Boston 2024, the group that has pushed for the Olympics, has said that it plans to cover the costs of operating the Summer Games privately, and has estimated the budget to be about $4.5 billion. Public money would go toward infrastructure improvements, and Walsh said public funds may go toward land use costs as well. Federal money would all but certainly cover security costs if Boston winds up the host city.
A Boston 2024 spokesperson said the group will cover all of the costs associated with the actual bidding process, which is expected to run through 2017 when the International Olympic Committee chooses a host from candidate cities around the world. Other potential host cities for 2024 include (but are not limited to) Rome, Paris, a German city—either Berlin or Hamburg—Istanbul, Melbourne, and a South African city.
Walsh also pledged Friday “the most open, transparent’’ process in planning the bid, and announced nine public meetings to be held between now and September. The first is scheduled for Jan. 27 at Suffolk Law School, with monthly meetings to follow. The full schedule is available here.

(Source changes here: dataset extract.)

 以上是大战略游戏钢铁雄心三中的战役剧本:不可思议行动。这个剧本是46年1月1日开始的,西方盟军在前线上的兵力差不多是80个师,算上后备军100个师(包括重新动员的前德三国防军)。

Boston 2024 scheduled its first public meeting, too, for Jan. 21 at the Boston Convention and Exhibition Center. The group had said it would hold meetings monthly starting this month in advance of gaining the USOC’s nod to host the Games Thursday night.
Transparency and public input have been at question as the Boston bid moved through the USOC bidding process. Opposition groups have argued the public did not have any say in deciding to bid in the first place.

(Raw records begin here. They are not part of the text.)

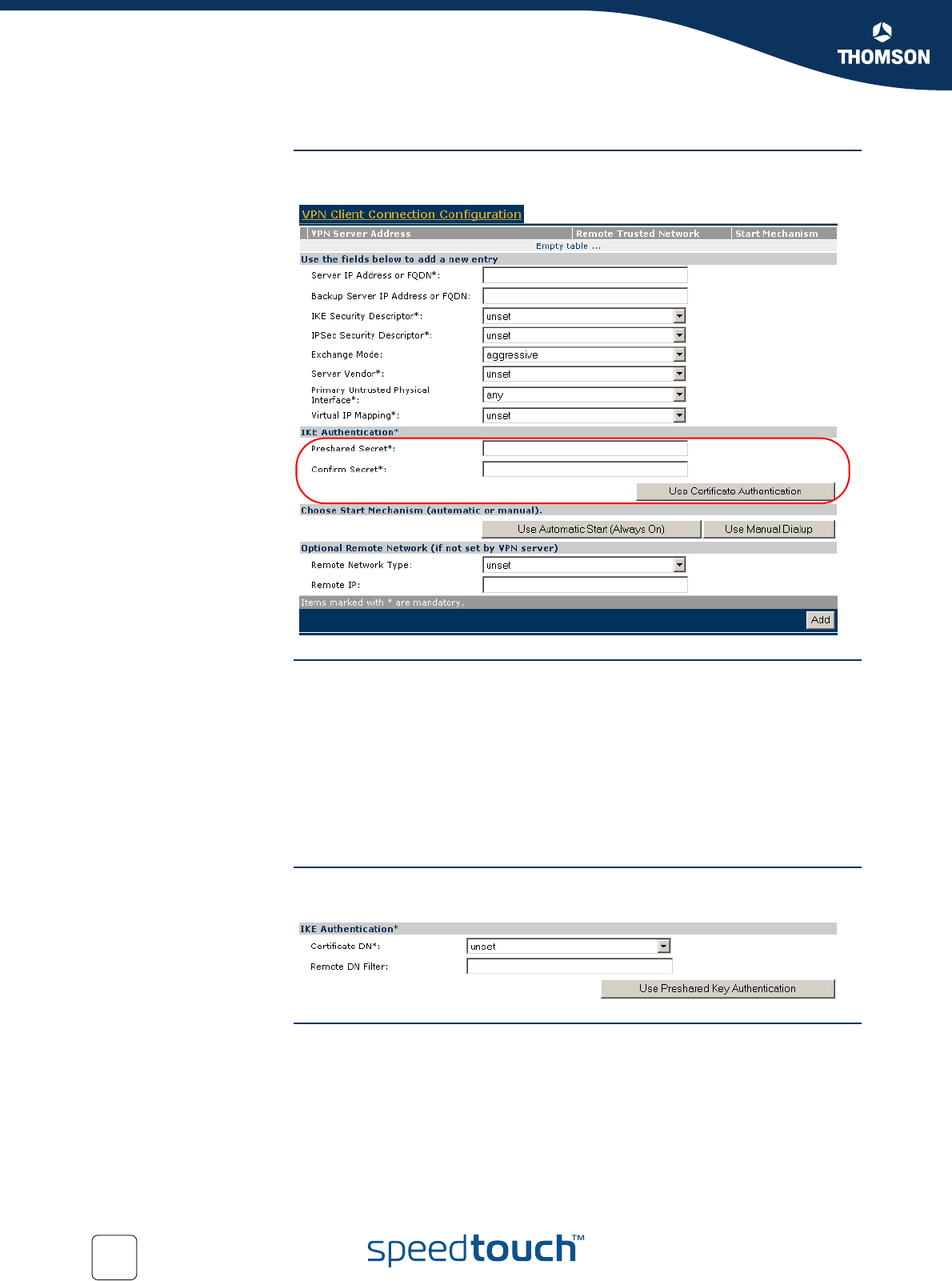 The Preshared Secret value is not shown in clear text in the SpeedTouch™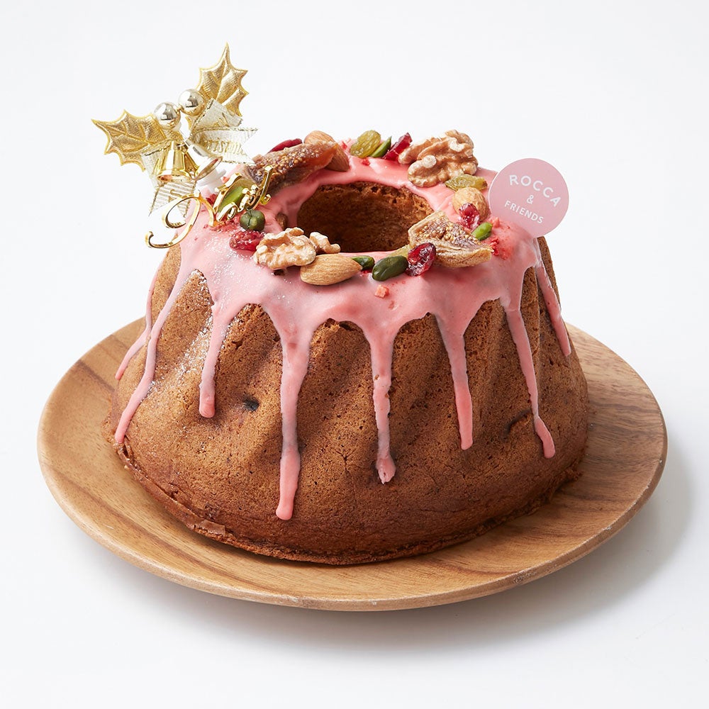ストロベリーのアイシングにクランベリーやラズベリーを合わせて飾り付け、食べるごとに様々な香りが楽しめるフォトジェニックなクグロフ。ドイツのクリスマス菓子、シュトーレンのようにラム酒に漬け込んだドライフルーツ、ナッツを合わせ、生地にはアールグレイの茶葉とスパイスを使用して焼き上げました。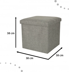 A szürke összecsukható tároló puff ideális kiegészítő minden nappaliba, előszobába vagy gyerekszobába. Habszivacs töltése kényelmessé teszi hosszú órákon át tartó ülésre is. A kényelem mellett praktikus tárolóhelyet kínál különféle apróságok, játékok, cipők vagy takarók számára.

No Boston Olympics, the group opposing the initiative, scheduled a public meeting of its own for Jan. 14, though did not announce a venue.

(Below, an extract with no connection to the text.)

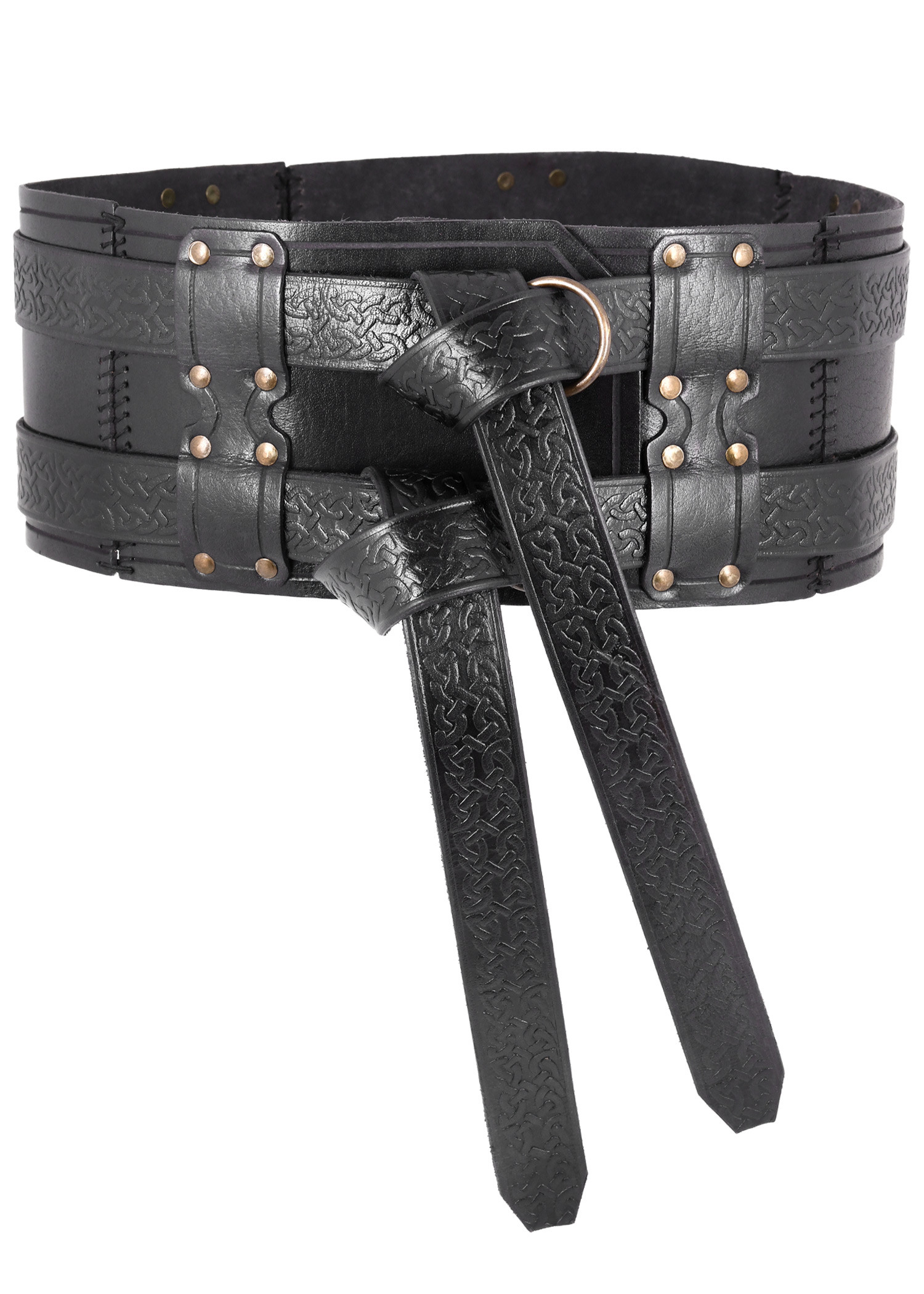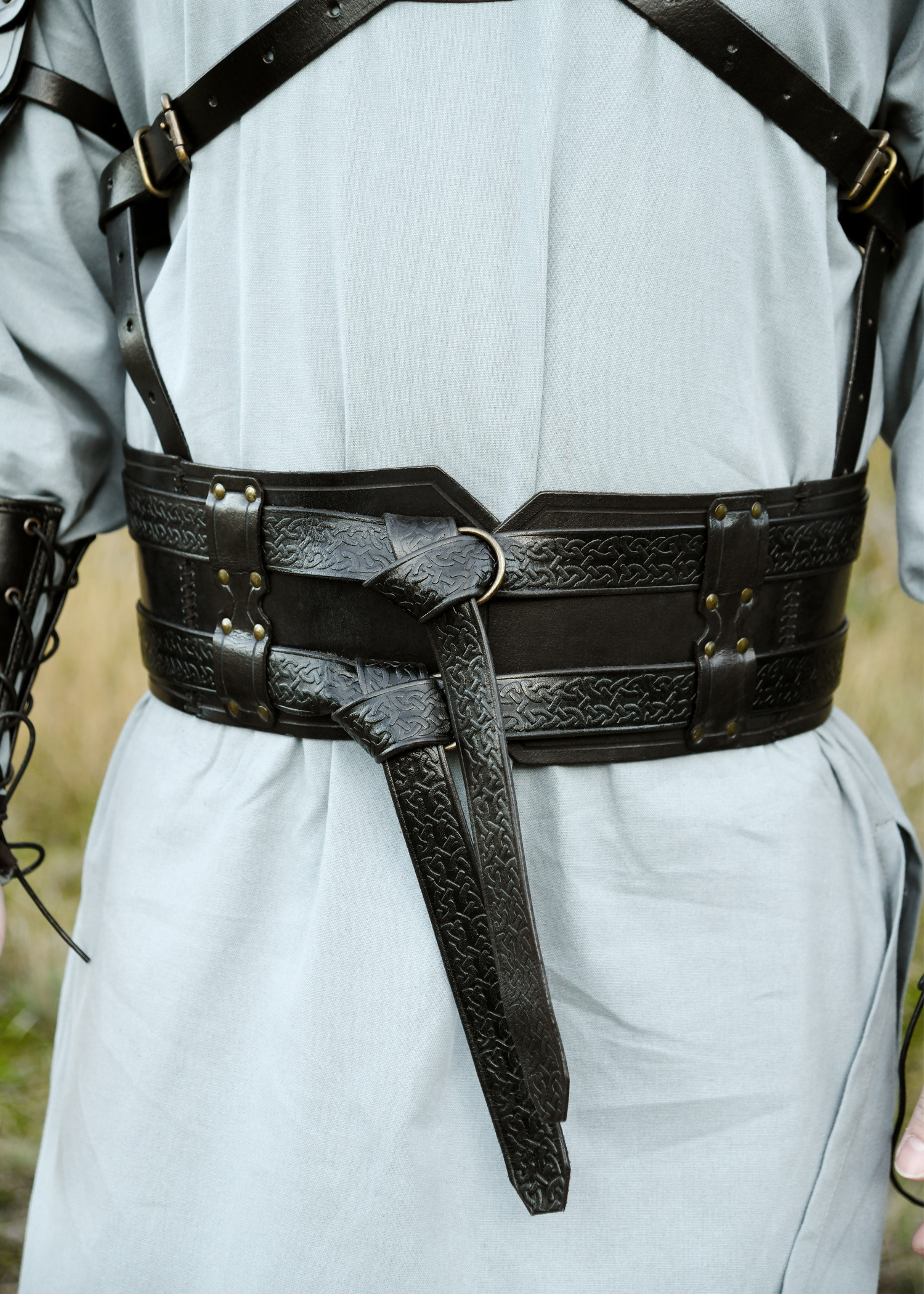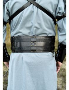 Cinto medieval duplo de couro modelo Balor, cor preta

Walsh said he did not see a scenario in which Boston is not submitted as a candidate to the International Olympic Committee in September. “Are we just going to ram it down people’s throats? Absolutely not,’’ he said, adding that he was “willing to bet’’ that the public was in support of the bid. (There hasn’t been much in the way of Olympic bid polling, but in June the Globe found a public that was divided about making a play for the Games, and opposed to using public funds to bid.)
Asked whether he expected the bid to come to a vote at some point, a notion No Boston Olympics has said it is considering, Walsh said no.
The mayor said that the prospect of hosting the 2024 Games stood in alignment with his administration’s views for moving the city forward by developing infrastructure and housing, and positioning the city on the global stage.
New Massachusetts Governor Charlie Baker, in his first full day on the job, echoed those thoughts, saying the bid was an opportunity to discuss “what we want Boston to look like.’’ Baker said there would be “significant opportunities’’ for public discourse over the proposal now that the USOC has selected it over the other U.S. candidate cities (which were Los Angeles, San Francisco, and Washington, D.C.).
John Fish, the chair of Boston 2024 and the CEO of Suffolk Construction, said he was “wicked excited’’ about the selection. He discussed some details of the bid Friday, which could change as it moves through the international process, though he did not provide much in the way of new information. He spoke of the plan for a temporary stadium at Widett Circle in South Boston that would be dismantled after the Olympics, and the use of existing venues for events, especially those at college campuses. He estimated that if the Games were to occur, 70 to 75 percent of events would occur on Greater Boston campuses.
Fish told the Globe following the press conference that he would recuse Suffolk Construction from getting involved in Olympic-related construction.